この作品はスコセッシの刻印が深く、明らかに垣間見える。
「罪」と「贖い」の物語の深奥に。
主題は、まさに「妄想」である。自らの「タクシードライバー」と同じく。
ボクシングの様式を用いた「暴力」と主人公の「愛」の狭間に躍動する「嫉妬」の源は「妄想」にしか他ならない。
「妄想」が主人公に「暴力」を喚起させて「人格」を形成させ「罪」を為させる。
その果てに在るのが「贖い」なのである。
では、どのようにして「贖い」が成立するのか。
それはボクシングを捨てるときである。形だけにおいても「暴力」の手段を捨て去る第一歩を踏み出すときである。
何故なら、少なくとも主人公にとって、ボクシングは〈スポーツ〉ではなかったのであるから。自らの「憎悪」を吐き出す捌け口であったのであるから。
主人公はボクシングと訣別する。
ここから、「贖い」が主流として始まり出す。見事な肉体を捨て去り、豊富な財産をも失う。そして、妻をはじめ家族とも別れる。
それらは何を意味するのか。
それは「愛」を見出だす遍路である。
主人公は、場末の芸人と成り果てる。

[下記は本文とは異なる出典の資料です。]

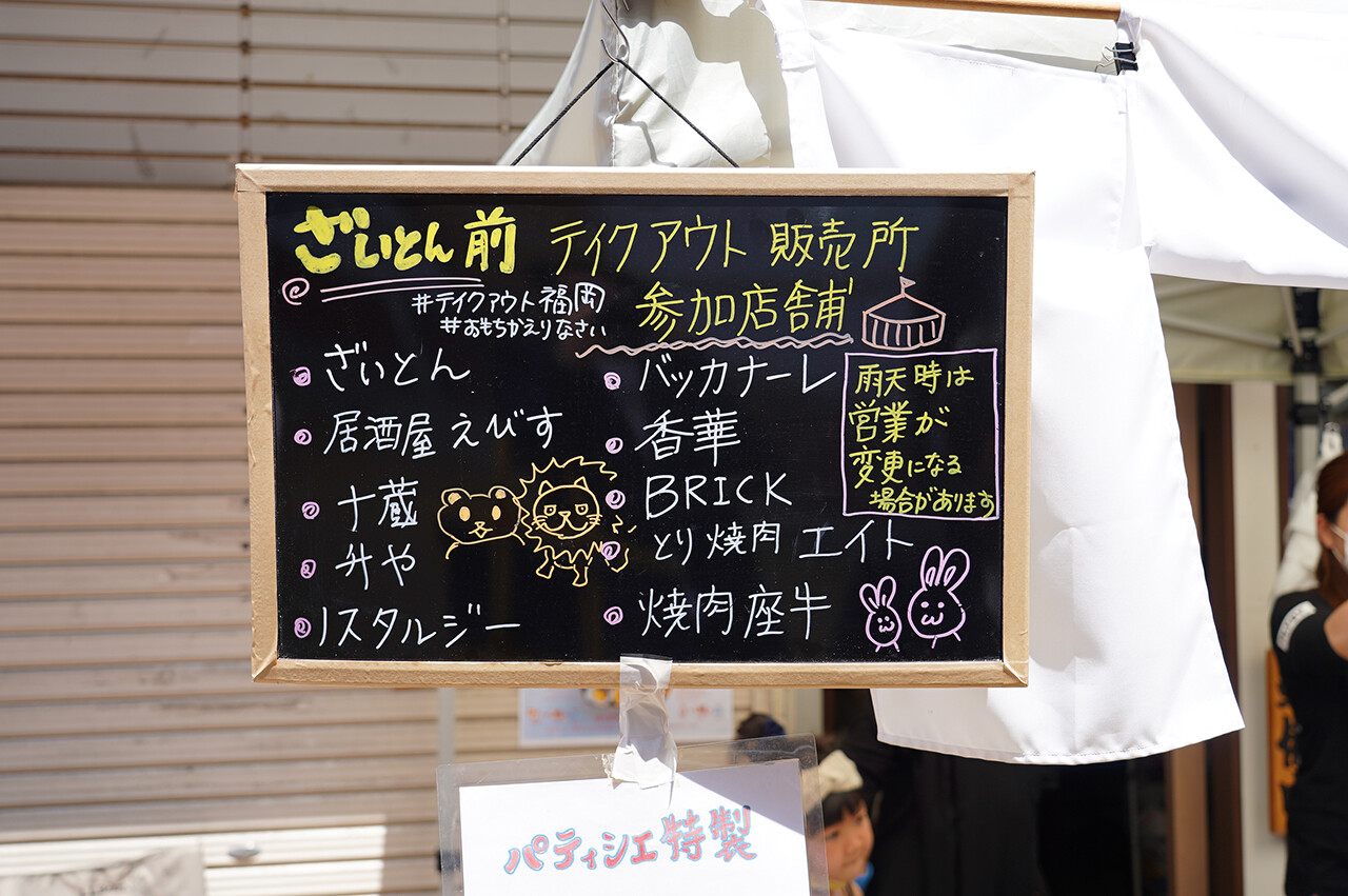 【ざいとん】を中心に、4月7日に出された非常事態宣言の後から店前にテントを張って地元のお店と共同でお弁当やスイーツなどを販売してきました。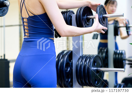 ジムで体を鍛える女性の背中、お尻 バーベルプレート ウェイト選び 筋トレ女子 ワークアウト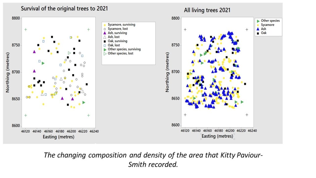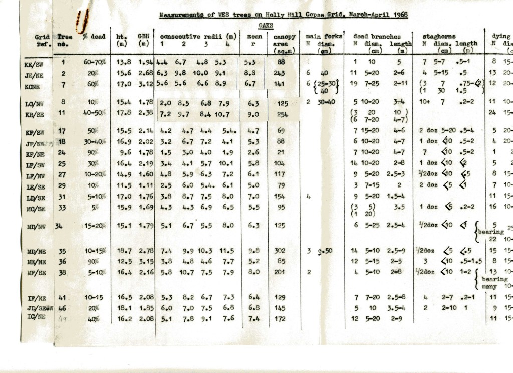 In the early 2000s I was part of a British Ecological Society group visiting Wytham Woods. As we walked down the hill Kitty Paviour-Smith mentioned that she had in 1968 plotted the trees and regeneration over a patch of about a hectare; and she still had the data in notebooks in her attic.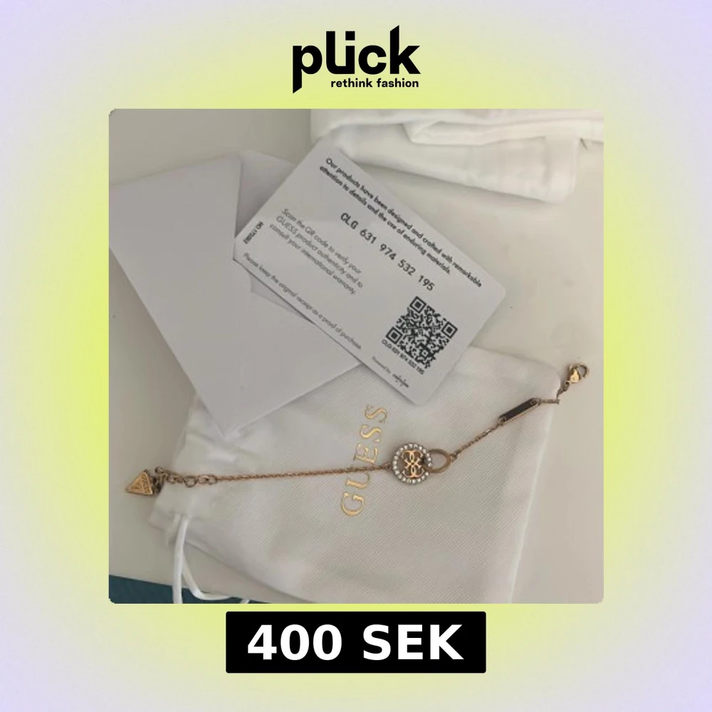Armband från Guess i roséguld med en rund berlock dekorerad med gnistrande stenar och Guess-logga i mitten. Kedjan är tunn och har en liten trekantig Guess-tag vid låset. Använd vid 1 eller 2 tillfällen, som ny. Medföljer dust bag

けれども、そこに悲壮感はない。ようやく自らの「居場所」を見つけ、弟にも優しく抱擁する。
主人公は、かつて何も見えていなかった。しかし、いまは見える。
何を?
それは言うまでもない。
スコセッシは、常に「妄想」に囚われた男を描く。けれども、そこにはもはや「罪」をほのめかさない。ただ「贖い」をそっと提示する。加えて、その手段をも。